The only thing I could do was copying all .tar.gz files into Windows XP's FAT32 partition and burned them into CD later. The rest of that morning was to let my children using Atijembar for games under Windows!

Along investigation I did to my hard disk, I found there was no physical error, so it was a little strange to get I/O error as reported by ext3 journaling file system. Without too long to think, I took simple conclusion on Thursday evening that hard disk was broken and had to be replaced. Even I tried with Windows XP (that uses other partition), the operating system ran well but after that, disk operation was failed, so let alone Windows run using RAM, and minutes later, crashed.

The day after, Friday 30 January, I replaced my hard disk with a new and larger one. Windows installation still got failed with annoyance error messages that my computer is not compliant with some of Windows' hardware specifications. Joking to myself: do I have to replace my complete machine? Do I have to beg in front of Mr. Gates?

I left Windows partition unused, after some broken installations. Skip to Linux installation with Debian. The result was not better at all: installation was in major interrupted in some unpredictable spots and even it was successful, the result is very unstable. The I/O error messages still appeared, so it would be very early to say this computer is ready to operate. I was curious whether a new hard disk is too large to be handled by my computer. How it that comes a two years old computer suddenly becomes out of date? Funny!

Ismail Fahmi, one of my colleague, comes with a suggestion to borrow his old hard disk for testing. Along waiting his coming on Saturday, 31 January, I came into idea to test my computer with Knoppix. This was a second test after my computer broken with different condition: now with a new hard disk. Knoppix detected configuration correctly, but... a moment after XFree initialization, my monitor got flash and blink for several times and XWindows could not be started. Knoppix itself was not broken, it simply reported in console screen that XWindows could not be launced. After twice experiment with Knoppix, I step into new conclusion that the problem seemed coming from VGA card. Duh!

At the evening of Iedul Adha 1424H, I contacted Elfahmi Yaman, other colleague who had PC, and asked him for testing my computer with his VGA card. Not waiting too long, a half hour later I brought Atijembar to Elfahmi's house and performing some tests both with Windows XP installation and Knoppix running directly from CD. Bla and bla... one hour test was enough: the problem was identified more precisely. It came from VGA card and caused some effects into I/O transactions.

I was at home again, finding borrowed hard disk from Ismail Fahmi on my table. Having enough speculation from previous test with VGA card, I just made sure this conclusion perfect by seeing that even with older, smaller size, hard disk, Atijembar with fail VGA card, could not operate well.

A long awaiting until Monday, 2 February, noon, because in Groningen, shops are open usually at 13.00. I chose the cheapest card from available offering in some computer shops: Radeon 7000, 64MB. Fixing hardware configuration and testing its stability using Windows XP, Debian GNU/Linux was then installed, configurations were reset into proper ones, and backup at last was restored.

Tuesday afternoon I opened firewall for Atijembar's service. Some of my friends realized this and notified via email.
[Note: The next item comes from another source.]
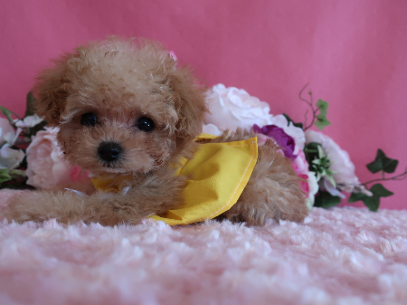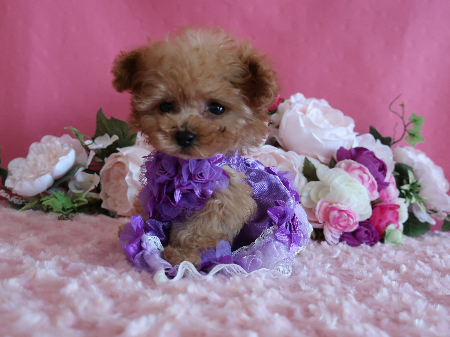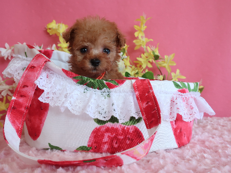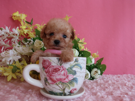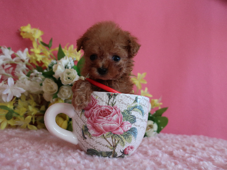 この可愛さはたまらない! 10月28日写真更新しました。 お顔立ちにこだわった両親から誕生しました。 ママはティーカップですが小さな体から5姉弟! まさにミラクルです。 5姉弟共におメメクリクリの丸顔でマイクロティー予想です 8月29日生れの男の子・毛色・レッド 10月18日 6種ワクチン、健康チェック 検便・マイクロチップ装置しました 断尾・狼爪も処置済みです。 10月18日 生後50日で348g 成犬時はマイクロティーカップ予想です。 性格は人懐こく甘えん坊ちゃんで人懐こく無駄泣き有りません。 ご飯もしっかり食べます。 両親情報 ママ クリーム 1.65㎏ パパ アプリ 2.0㎏ ワンちゃんにお付けするものとして ★ ワクチン証明(1回)・マイクロチップ(ブリーダーの義務として無料でお付けしています) ★ 血統書(完成)子犬ちゃんと一緒にお渡しします。 ★ フード(ロイヤルカナン) ★ フード皿 ★ お洋服1枚 ★ かご お迎えや空輸にも対応できます ★ 母子手帳など ※ お寒い時期に向けてペット用ホットカーペットをお付けしています。 フード量やワクチンの受け方につきましてはプリントしてお渡ししています。 ※ お引渡しは生後57日から子犬の状態にもよります。 お引渡し日が決まりましたら事前にトリミングを済ませてフアモコにしてお渡します。 ※ 遠方の方は現地での対面確認となりましたのでご了承ください。 対面後は空輸も可能です。空輸代は別にかかります。 ※ 仔犬ちゃんの他にかかる費用はございません。 ※ メールのやり取り・お話合い中でもほかの方に購入意思(ご予約代・手付代)をいただいた場合はその方に決まります。 実物の方が小さくて可愛いです。 県内・市内・お近くの方は是非!実物をご覧ください。 ご縁がありましたら宜しくお願い致します。

Wednesday, 4 February, I made announcement to our community that our Website had been activated.

Because this computer is also used by me for working (development), I still fight to install this-and-that to make it comfortable as before. It has some trickies configurations and settings, but that is another story. The most important thing, the web server function, has been reactivated successfully.

My empathy for one of my friends in Bandung who also had hardware problem caused by bad fluctuate electricity that destroyed physically.